Could you reproduce the lines below from the one with "撤収直前の会の皆さんと 壁一面のパッチワーク作品群" through the one with "Ratekau, Zeiss-Straße 34, ☎"? Keep both ends and add nothing.

_Study material_:
===

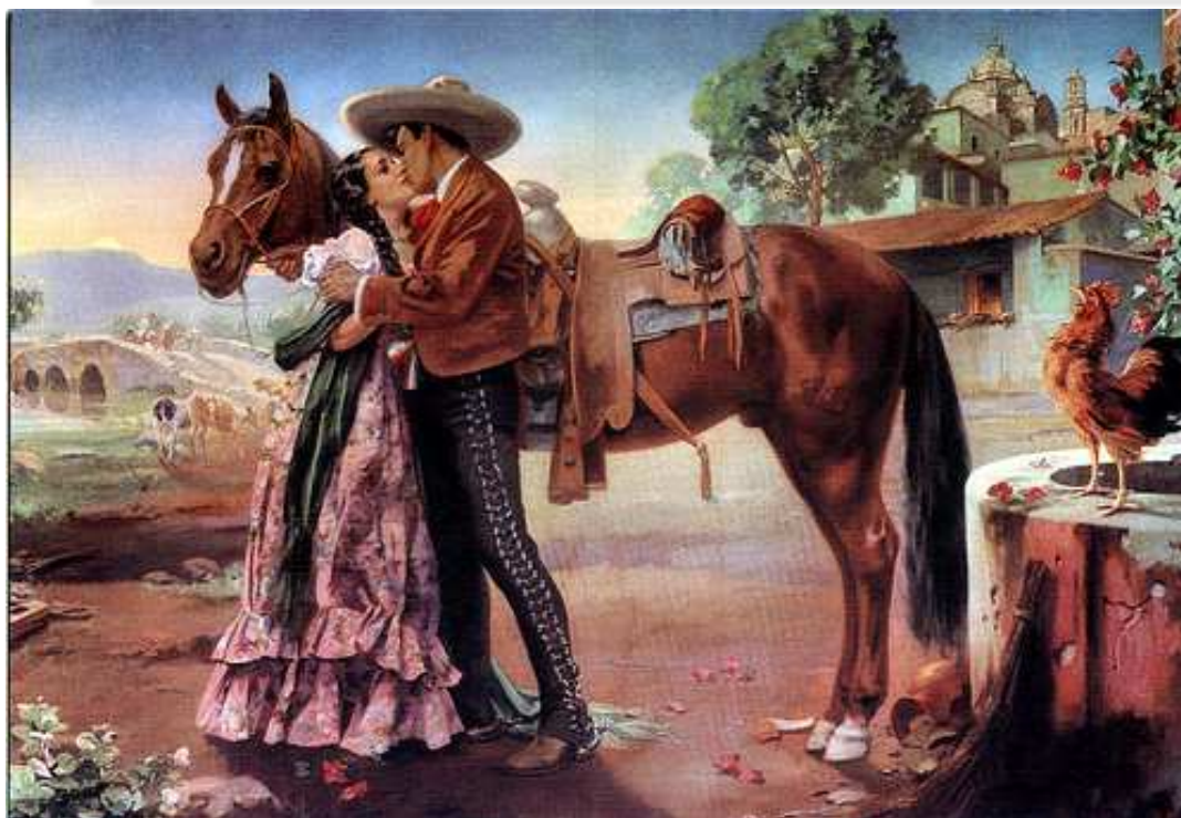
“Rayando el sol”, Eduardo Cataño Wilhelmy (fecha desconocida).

===

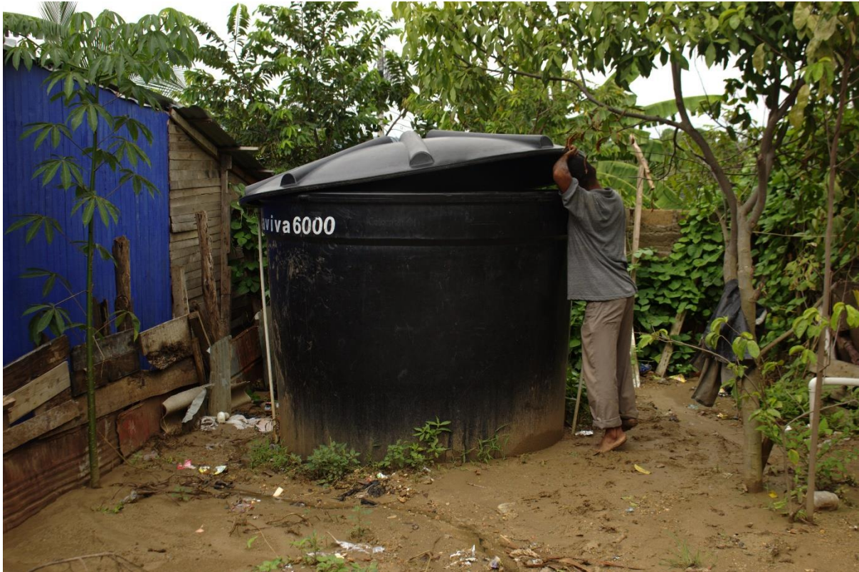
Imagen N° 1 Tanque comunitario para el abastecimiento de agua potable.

===

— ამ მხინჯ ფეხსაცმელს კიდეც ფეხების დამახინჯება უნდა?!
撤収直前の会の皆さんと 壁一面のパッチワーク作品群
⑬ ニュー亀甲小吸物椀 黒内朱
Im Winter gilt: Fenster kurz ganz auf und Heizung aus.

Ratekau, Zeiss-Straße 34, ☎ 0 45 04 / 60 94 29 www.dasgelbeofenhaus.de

===

_Exercise response_:
撤収直前の会の皆さんと 壁一面のパッチワーク作品群
⑬ ニュー亀甲小吸物椀 黒内朱
Im Winter gilt: Fenster kurz ganz auf und Heizung aus.

Ratekau, Zeiss-Straße 34, ☎ 0 45 04 / 60 94 29 www.dasgelbeofenhaus.de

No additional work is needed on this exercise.